Speaking in New Delhi, Omar said plainly that the UT structure “is not suitable for Jammu and Kashmir,” insisting that governance and security “cannot operate in silos.” Pointing to a series of high-impact attacks this year—the April Baisaran strike in Pahalgam to the November 10 car blast at Delhi’s Red Fort allegedly linked to a conspiracy hatched in J&K—he described 2025 as “a difficult one from the security paradigm.”
He did not connect these attacks operationally, but referred to them collectively to underline his core argument: an elected government cannot be distanced from security decisions.
“You cannot have an elected government that is completely removed from security-related decisions,” he said, arguing that the UT model has weakened coordination between civilian officials and security agencies.
This marks a shift from Omar’s earlier rhetoric. Soon after taking office in 2024, he asserted that restoring statehood would “resolve most of J&K’s problems.” Even a year later, he continued to express confidence.
But on October 28, 2025, for the first time since assuming office, he acknowledged that his optimism about New Delhi’s intent was fading. With the Centre refusing to commit to timelines, his tone has hardened—and widened to include a critique of the UT’s institutional shortcomings.
Political analyst Prof. Gul Mohammad Wani sees Omar’s shift as calculated rather than reactive. “By foregrounding security lapses, Omar Abdullah is trying to convert a political demand into a national-security argument,” Wani told DH.
“He (Omar) is telling New Delhi that stability in Kashmir cannot be ensured through bureaucratic centralisation. The real issue he is flagging is the need for political accountability in security management,” he added.

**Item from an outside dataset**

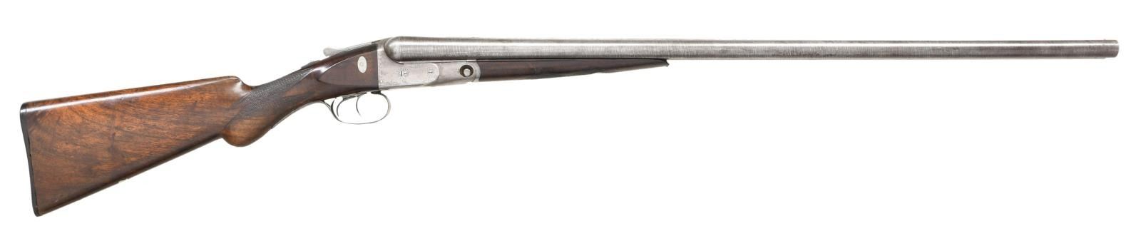 Cal. 12 Ga., 2 5/8". S# 112093 (1902). Matching numbered Twist steel 30" bbls. w/ "T" shaped extension, matted slightly raised rib & bright bead. Size 2 frame w/ acanthus light scroll engraving. Boxlock action w/ dbl. triggers, extractors & automatic safety. Checkered splinter forearm & rnd. knob pistol grip stock w/ German silver shield plate on toeline. LOP: 13 1/8" to Parker buttplate. CONDITION: bbls. have a fair gray twist pattern w/ scattered spots of peppery oxidation & marks. Action has gray appearance w/ wear, faded blue on trigger guard bow & patina. Bottom of pistol grip shows significant sanding & refinish, balance of wood good refinished showing smoothing of edges & checkering along w/ handling marks. Shiny bores w/ minimal fouling forward of chambers. Action is tight on face. (23-2042/MD). CURIO. $300-500.
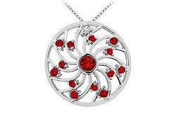A bezel-set red round ruby takes the center stage surrounded by smaller brilliant-cut rubies and set atop a brilliant-cut diamond adds a touch of style. Made in 14K white gold this pendant has a total weight (TGW) of 0.75 ct.

Omar’s assertion that “home-grown terrorism never really went away” also challenges the Centre’s narrative that militancy has been structurally dismantled since the abrogation of Article 370. By pointing to both local recruits and plots with national reach, he is arguing that bureaucratic governance cannot effectively navigate a layered threat environment.
For the Chief Minister, the stakes are dual. Politically, he leads a coalition that must continually defend its relevance in a post-370 system that has diluted the authority of the elected executive. Strategically, reframing statehood restoration as essential for better security coordination allows him to occupy a centrist, governance-first space distinct from both separatist nostalgia and pro-BJP centralism.
But the risks are evident. New Delhi has consistently showcased improved security as validation of its Kashmir policy; any challenge to that narrative may trigger harsh political pushback. Security agencies, too, often bristle when political leaders interpret operational events through governance critiques.
Yet Omar’s recalibration is unmistakable. If constitutional restoration cannot be delivered on democratic or federal grounds, he is positioning it as indispensable for an effective security architecture. In a year marked by renewed militancy in the Valley and a major attack in the national capital, it is an argument the Centre cannot easily dismiss.
Whether Delhi views it as a constructive warning or a political gambit remains unclear. But Omar Abdullah has shifted the battlefield: the demand for statehood is now framed not merely as a question of political rights, but of national security—Delhi’s most sensitive domain.